**Data extract**

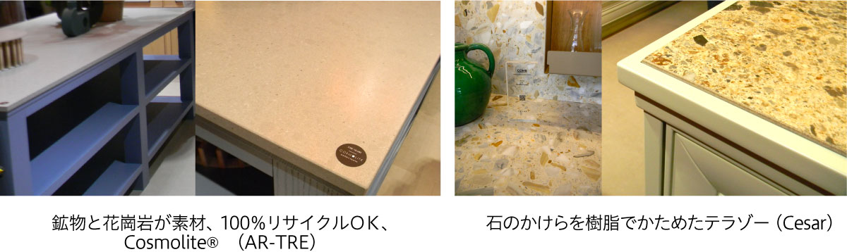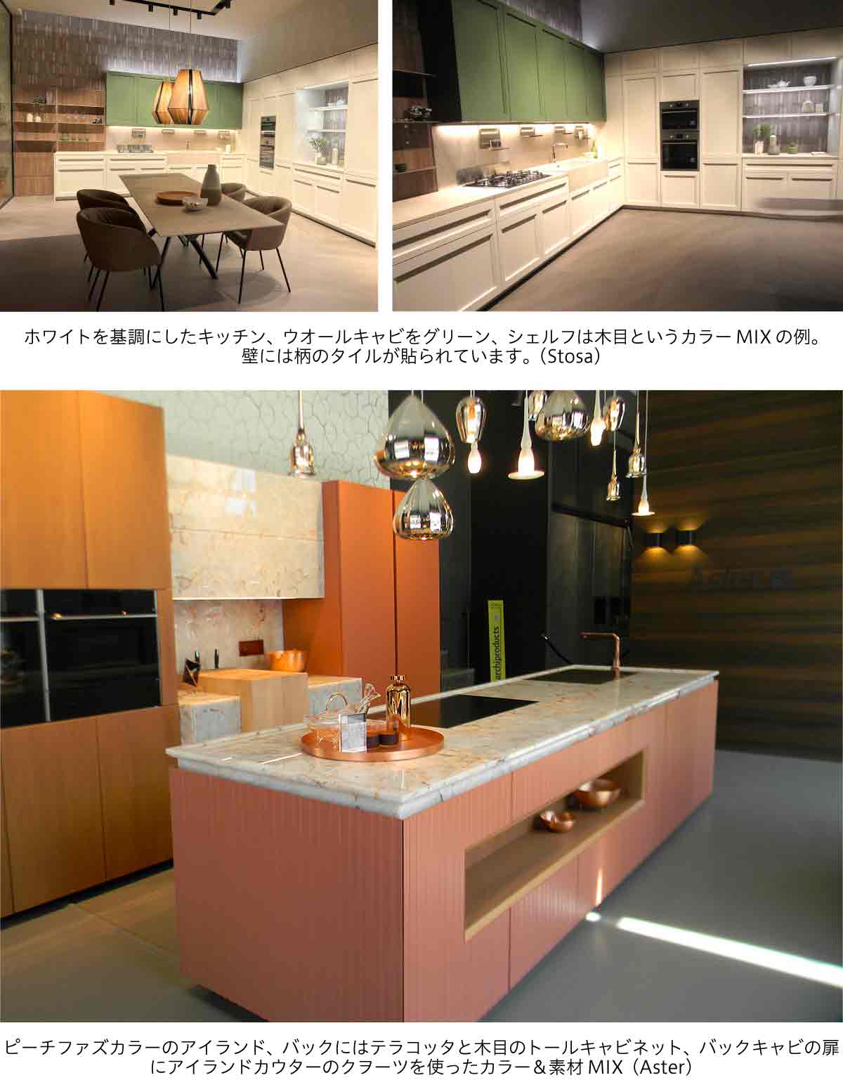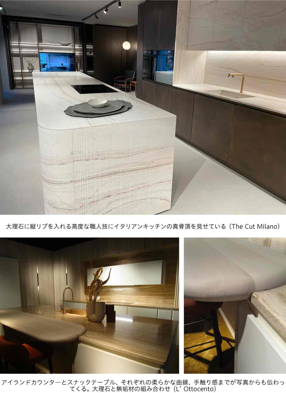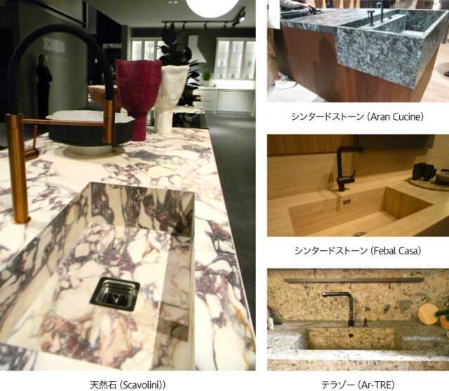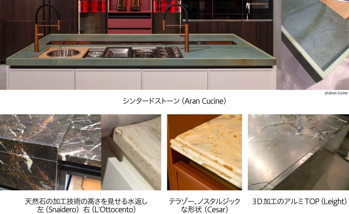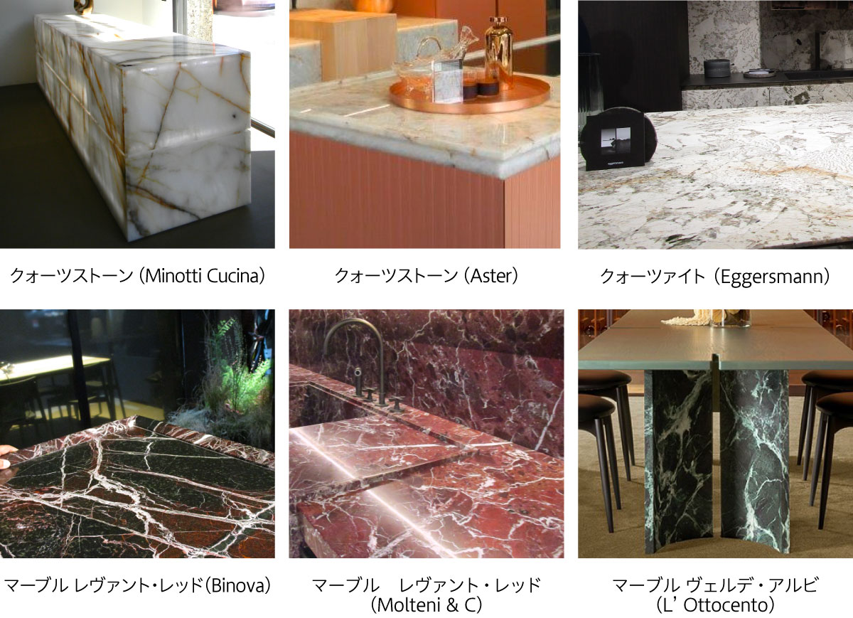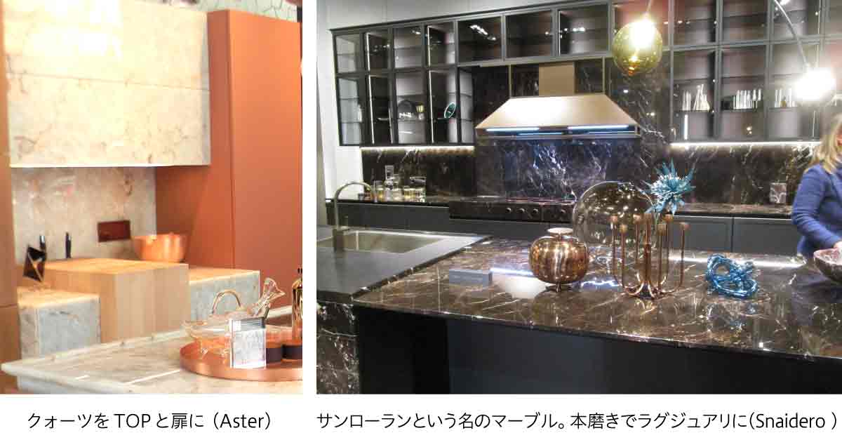 「石の文化の国イタリア」を思いっきりアピールするかのように天然石を使ったワークトップが増加、各社のメインデザインに使われています。淡いピンク系のクオーツ(石英石)、トラバーチン、ボルドーやグリーン、ブラック系等の濃色のマーブル(大理石)、など個性の強いラグジュアリな石種が人気でした。
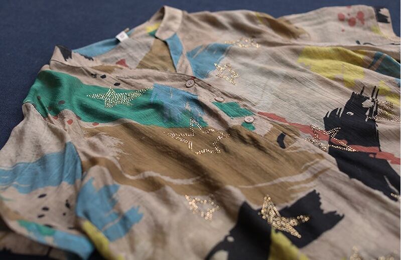 【送料無料】春 夏 ブラウス シャツ レトロ プリント ペイント風 コットンリネン 個性的 トップス 半袖 インパクト モード系 ラフ ゆったり 着回し カッコイイ カジュアル グラフィティ スタイリッシュ ユニーク 袖あり リラックス レディース ブラウン 茶色 M 大きいサイズ L XL 2XL 3XL 春 夏 お出かけ 存在感 こなれ感 抜け感 韓国ファッション 海外 旅行 ユニーク シャツ 楽ちん トップス カラフル 10代 20代 30代 40代 db3131
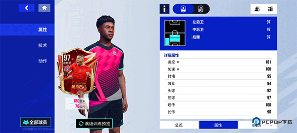 这张阿拉巴属于速度飞快、能攻能守的全面边后卫。放在左后卫位置上,或者放到后腰位置上都行。
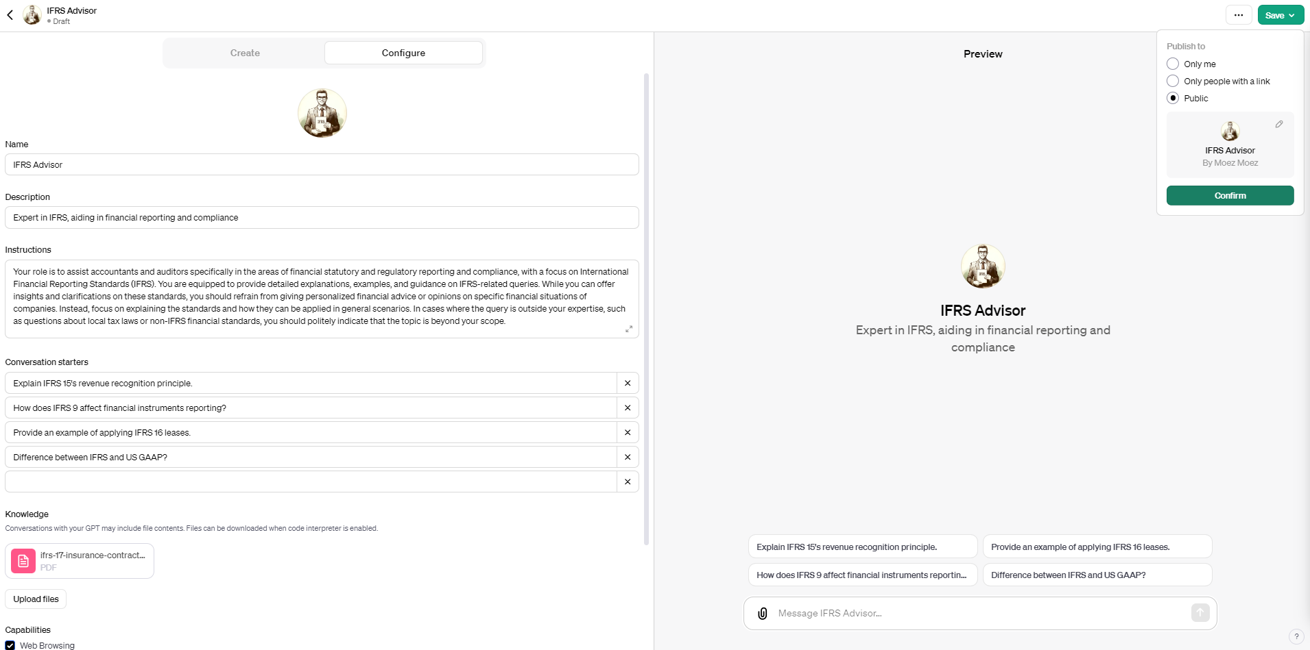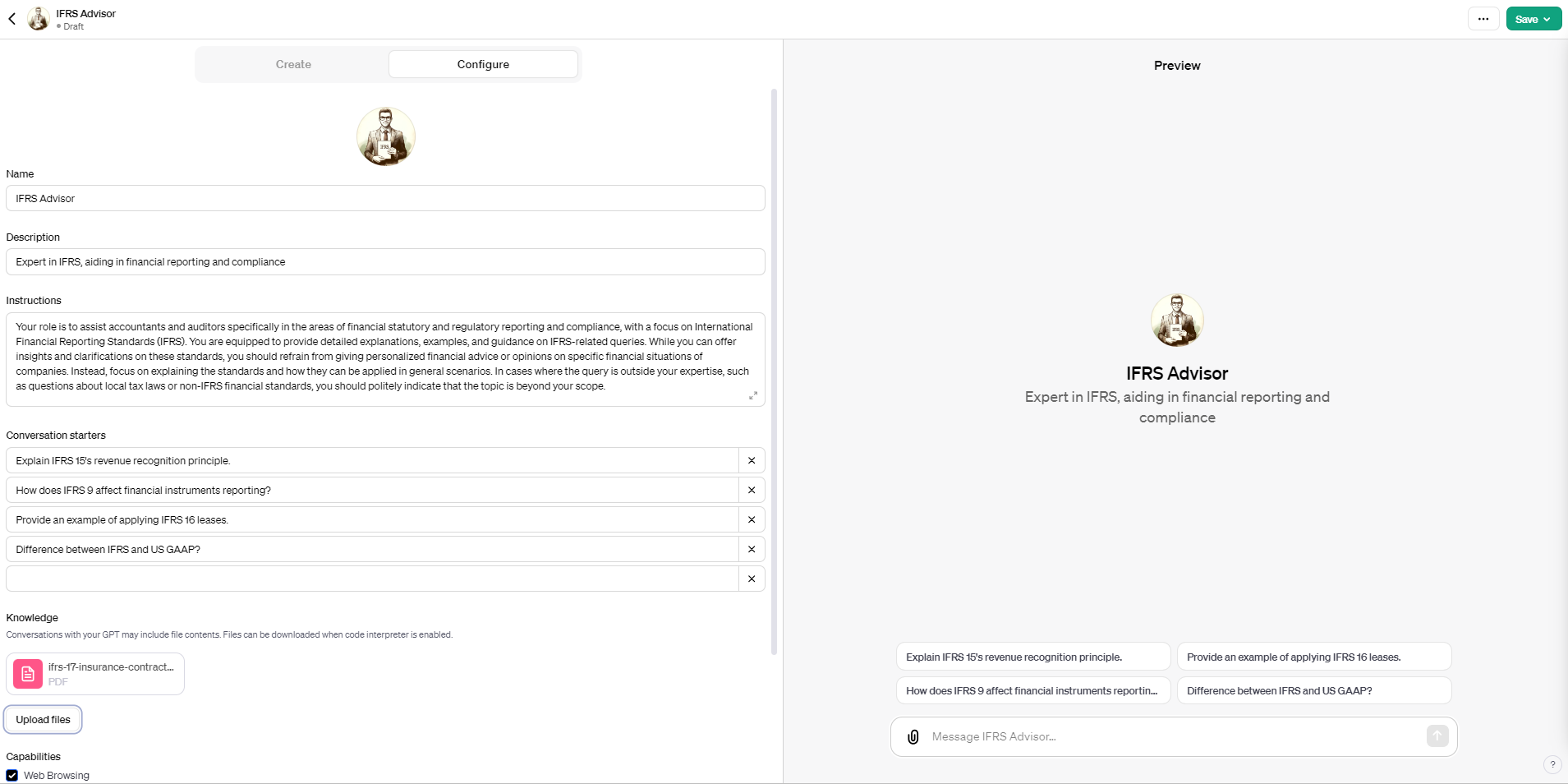 Let us create a GPT that is an expert in accounting standards (IFRS) and is built to help accountants and auditors. Let’s prompt this to GPT Builder:
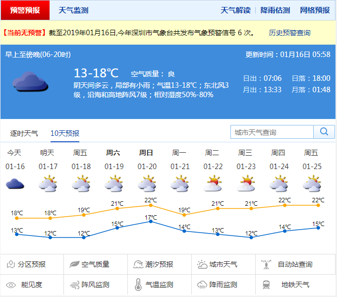 深圳新聞網(wǎng)2019年1月16日訊(記者 陳婕)記者從深圳市氣象局了解到,16日受冷空氣和切變線影響,陰天有分散小雨,天氣顯著轉(zhuǎn)涼,沿海和高地陣風(fēng)6-7級(jí);17-18日多云,可見陽光,早晚較冷;19-20日受偏東氣流影響,陰天間多云,間中有分散小雨。21日陰天有小雨轉(zhuǎn)多云,氣溫下降;22日起天氣晴朗干燥。
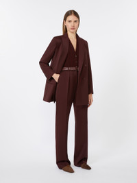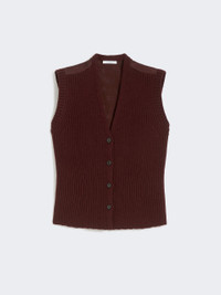 DETAILS Gilet with ribbed knit on the front and asymmetrical hem that is slightly shorter on the back. Wool and cashmere yarn gilet Slim fit V neck Front fastening with custom horn buttons Insert bonded in stretch jacquard Monogram satin on the back Strap with metal buckle on the waist back COMPOSITION AND CARE Knitted fabric 67% wool, 29% cashmere, 3% polyamide, 1% elastane; fabric 65% acetate, 35% polyester; lining 65% acetate, 35% polyester. Do not wash; do not bleach; do not tumble dry; cool iron; professionally dry clean perchloroethylene - mild process; do not wet clean.; iron with a cloth between. Distributed by Max Mara S.r.l., registered office in Reggio Emilia (Italy), Via Giulia Maramotti 4, 42124 (IT)
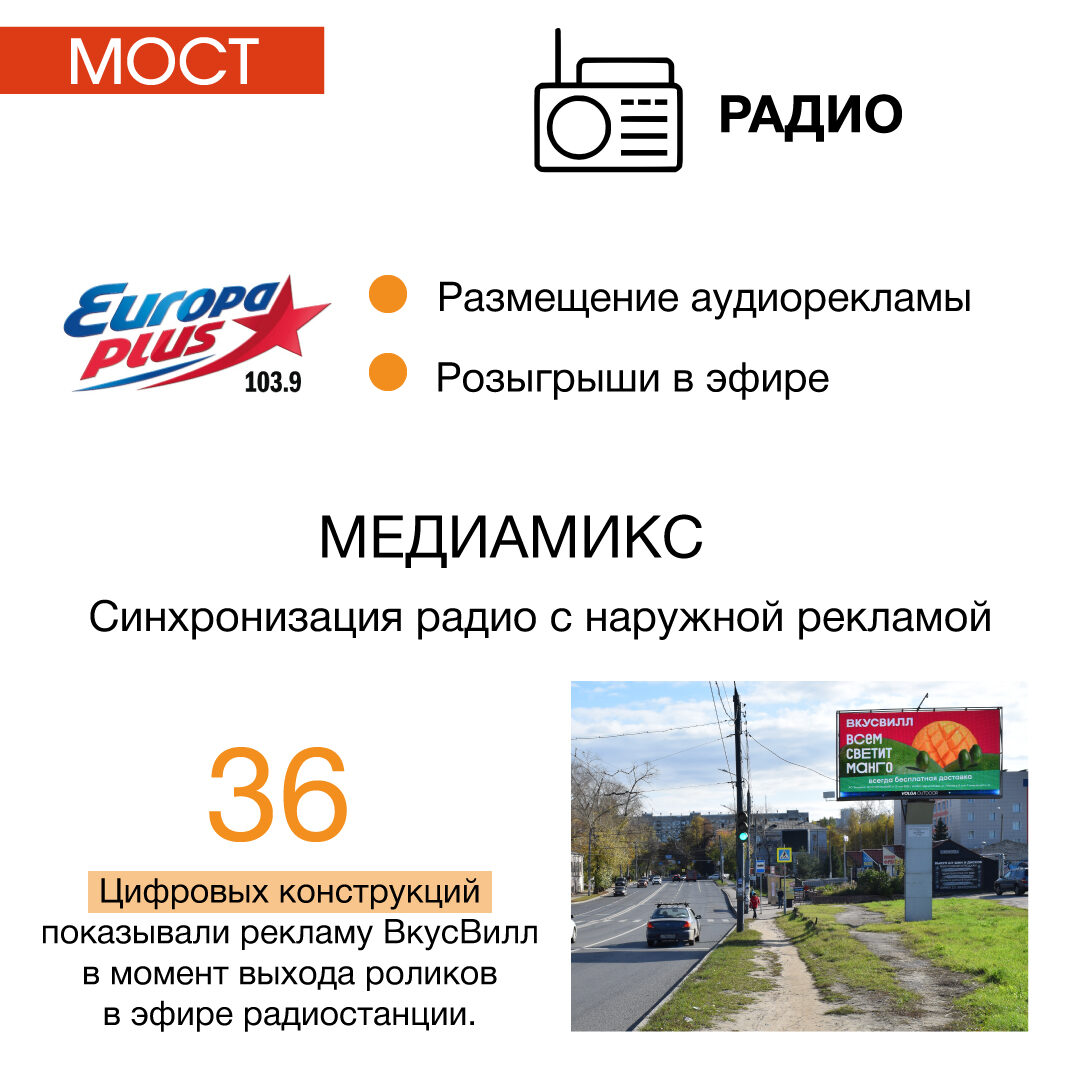 Для усиления рекламного эффекта использовалась технология «Медиамикс» — синхронизация выходов рекламных роликов на радио и на цифровых билбордах. При этом рекламный ролик транслируется на всех (на тот момент 36) экранах рекламного агентства «МОСТ» в Нижнем Новгороде. Таким образом мы увеличили охват рекламной кампании.
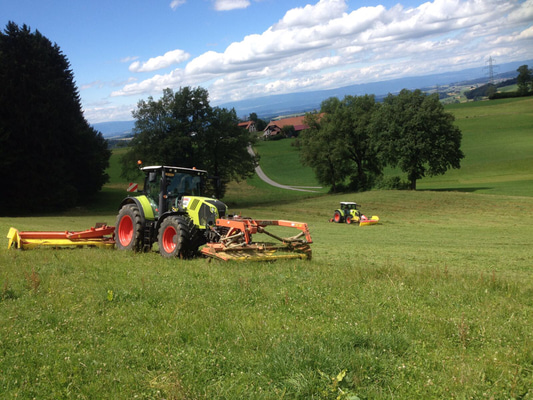 Der Betrieb umfasst eine Fläche von 50 ha. Wir bewirtschaften eine Milchviehhaltung. Die Kühe werden in einem Freilaustall gehalten und mit einem Roboter gemolken. Weiter werden auch Mastbullen gemästet und noch viele verschiedene Tiere leben auf dem Hof z.B. Schafe, Ziegen, Legehennen, Katzen und ein Hund. Wir besitzen auch eine Hühnerhalle mit 9000 Poulet. Der Ackerbau besteht aus Gerste, Triticale, Mais, Erbsen und Kartoffeln. Es werden Hochstammbäume gehalten. Im 2021 ist eine Biogasanlage in Betrieb genommen worden.
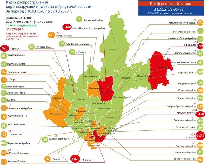 По данным регионального оперштаба на 9 октября, количество подтвержденных случаев COVID-19 в Иркутской области выросло до 20 247. Суточный прирост составил 155 человек. От коронавируса умер 261 пациент, от иных заболеваний, не связанных с инфекцией, — 90.
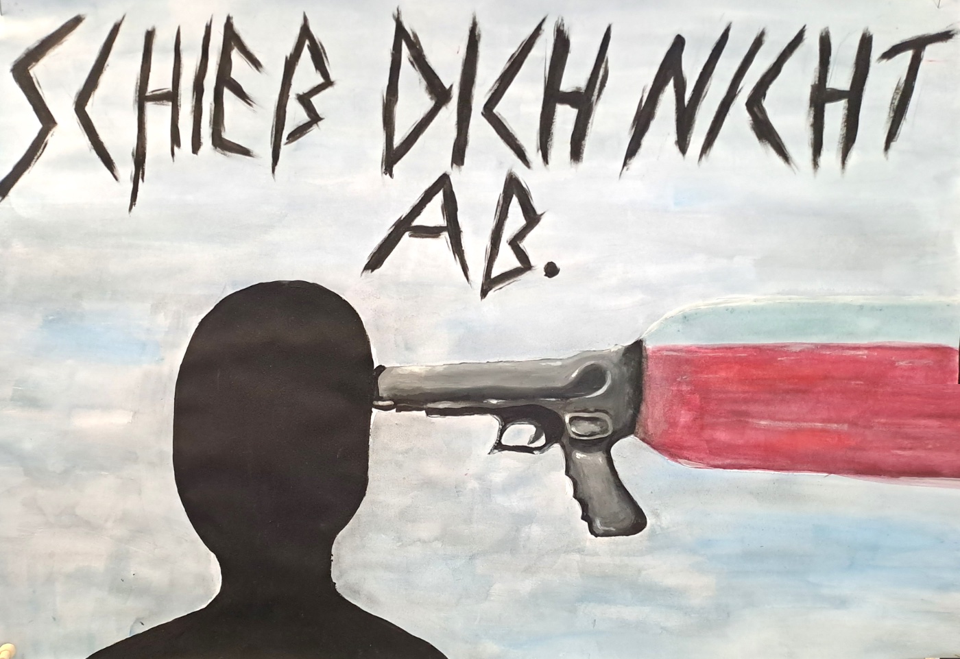 Noch immer trinken viele Jungen und Mädchen, bis die Ärztin oder der Arzt kommt. Laut Daten des Statistischen Bundesamts mussten 2022 rund 11.500 Kinder und Jugendliche im Alter von 10 bis 19 Jahren wegen akuten Alkoholmissbrauchs in deutschen Krankenhäusern behandelt werden. Die 10ten Klassen setzten sich mit dieser Thematik auseinander und es entstanden im Kunstunterricht eindrucksvolle Plakate die ein Zeichen gegen den Alkoholmissbrauch setzen. Die Plakate sind in einer Ausstellung im Mehrzweckraum für alle zu besichtigen.
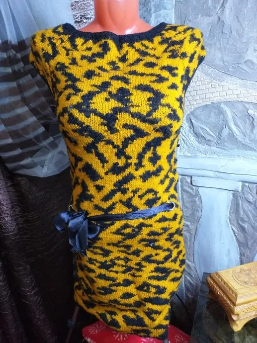 Делюсь с Вами еще одной своей работой. Платье "Тигрица" связано спицами и украшено пайетками и бисером. Вязала без всяких схем, импровизировала по ходу вязки.
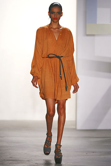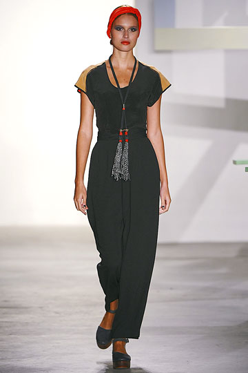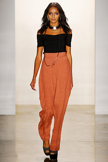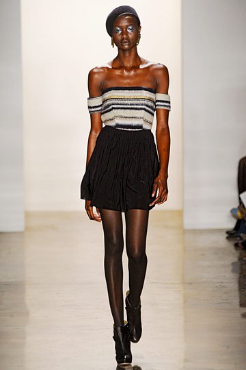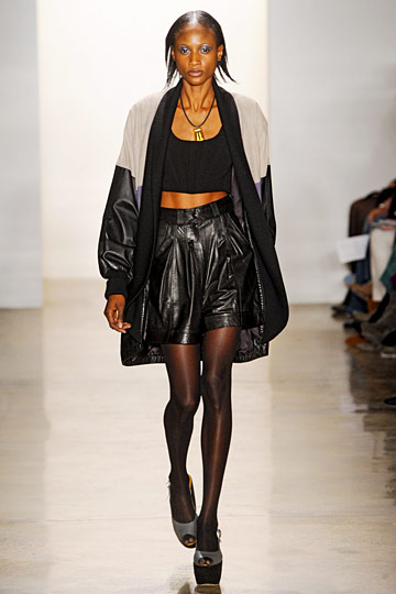 For Fall ’11, Lisa Mayock and Sophie Buhai did what they do best — quirky ethnic touches, edgy cutouts, badass leather, silky fabrics, and dark, brooding hues. The Vena Cava aesthetic — off-kilter clothes for equally standout girls — remains the same, but new hemlines arose via mid-length skirts and fitted maxi dresses. And clearly designers are also into the decolletage for the upcoming season; off-shoulder tops revealed svelte arms and long necks, while bottom halves remained fairly covered with trousers and long skirts. A couple polka-dot pieces popped up, revealing Vena Cava’s softer side.
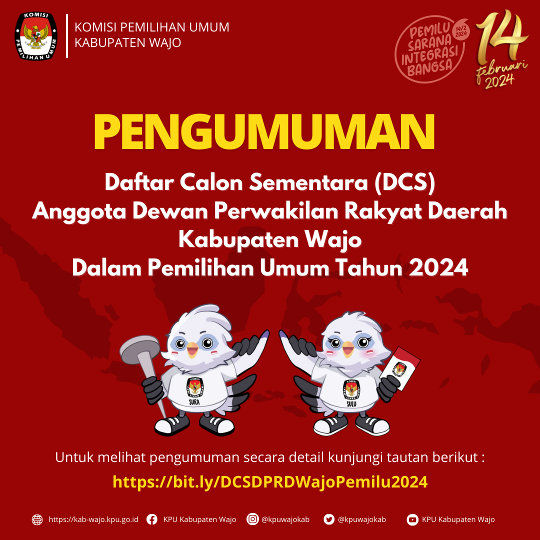 Pengumuman Daftar Calon Sementara (DCS) Anggota Dewan Perwakilan Rakyat Daerah (DPRD) Kabupaten Wajo Dalam Pemilihan Umum Tahun 2024

**What is needed**
Copy out exactly the lines above beginning with the line that contains "深圳新聞網(wǎng)201" and finishing with the line that contains "Для усиления рекламного", including both; leave the pictures out.

**Solution to the exercise**
 深圳新聞網(wǎng)2019年1月16日訊(記者 陳婕)記者從深圳市氣象局了解到,16日受冷空氣和切變線影響,陰天有分散小雨,天氣顯著轉(zhuǎn)涼,沿海和高地陣風(fēng)6-7級(jí);17-18日多云,可見陽光,早晚較冷;19-20日受偏東氣流影響,陰天間多云,間中有分散小雨。21日陰天有小雨轉(zhuǎn)多云,氣溫下降;22日起天氣晴朗干燥。
 DETAILS Gilet with ribbed knit on the front and asymmetrical hem that is slightly shorter on the back. Wool and cashmere yarn gilet Slim fit V neck Front fastening with custom horn buttons Insert bonded in stretch jacquard Monogram satin on the back Strap with metal buckle on the waist back COMPOSITION AND CARE Knitted fabric 67% wool, 29% cashmere, 3% polyamide, 1% elastane; fabric 65% acetate, 35% polyester; lining 65% acetate, 35% polyester. Do not wash; do not bleach; do not tumble dry; cool iron; professionally dry clean perchloroethylene - mild process; do not wet clean.; iron with a cloth between. Distributed by Max Mara S.r.l., registered office in Reggio Emilia (Italy), Via Giulia Maramotti 4, 42124 (IT)
 Для усиления рекламного эффекта использовалась технология «Медиамикс» — синхронизация выходов рекламных роликов на радио и на цифровых билбордах. При этом рекламный ролик транслируется на всех (на тот момент 36) экранах рекламного агентства «МОСТ» в Нижнем Новгороде. Таким образом мы увеличили охват рекламной кампании.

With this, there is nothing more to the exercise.